It is estimated that 80 percent of all Ghanaians rely on traditional medicine for primary health care (UNDP 2007, 42). This can partially be explained by simply comparing the number of available physicians with the number of available traditional healers. In the country’s northern rural regions, the physician-to-population ratio is said to be 1:100,000 while the healer-patient ratio is estimated to be 1:200 (Hill et al. 2014; Tabi and Frimpong 2003). These statistics show the importance of traditional healers in serving the primary health needs of the majority of the population. Traditionally, healers have not charged patients for their services and they usually worked as farmers next to their (voluntary) healing activities. Contemporary population growth, however, and the consequential growing number of patients are putting a burden on the healer’s food security, because after treating forty fractures a day, as some popular healers do, there might be no time left to farm. At the same time, healers, like everyone else, are confronted with a growing need for cash in the context of the rapid monetization of everyday life. And the healers face an additional problem: whereas money typically increases everyone’s status, their professional authority is intrinsically bound to the absence of money. The ‘adoption’ of money in their branch is highly problematic because of a persistent local moral sentiment that ‘money spoils the medicine’, which implies that if the healers charged for their services, their medicines would become powerless. It is this friction – of healers struggling to live by an apparently essential moral code while confronted with ubiquitous sociocultural change – that forms the inspirational basis of this article. To allow for a thorough understanding, I explore how the belief that money corrupts curing relates to an economy of healing characterized by gift giving and reciprocity.

Notions of gift exchange and reciprocity have been central to anthropology since its very beginnings (for example, in early studies of the potlach and kula).

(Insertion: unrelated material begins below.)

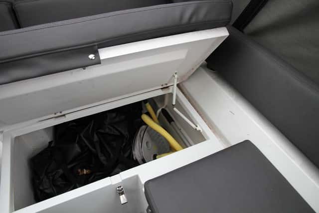 Cabina, además con buena capacidad de estiba, como en la bañera, aprovechando todos los huecos bajos los asientos, bien ventilada y con accesorios como las bolsas portaobjetos adosadas a la pared.

The single most important contribution to the debate comes from the French sociologist Mauss in his Essai sur le don ([1925] 2011).The central argument in this influential essay is that reciprocal (gift) exchange is constitutive of social relationships. In fact, Mauss argues gift exchange is the very foundation of human society. By comparing data collected by fieldworkers studying different ‘archaic’ societies, he argues that exchange systems around the world center on the obligation to give, to receive, and – most importantly – to reciprocate.

Mauss was particularly fascinated by the question of which ‘spiritual mechanism’ obliges us to make a return gift for a gift received. Mauss argued that even when abandoned by the giver, the gift still is a part of him, retaining a magical hold over the recipient. This key characteristic of the (Maussian) gift is clearly manifest in the ethnographic explorations of the present study.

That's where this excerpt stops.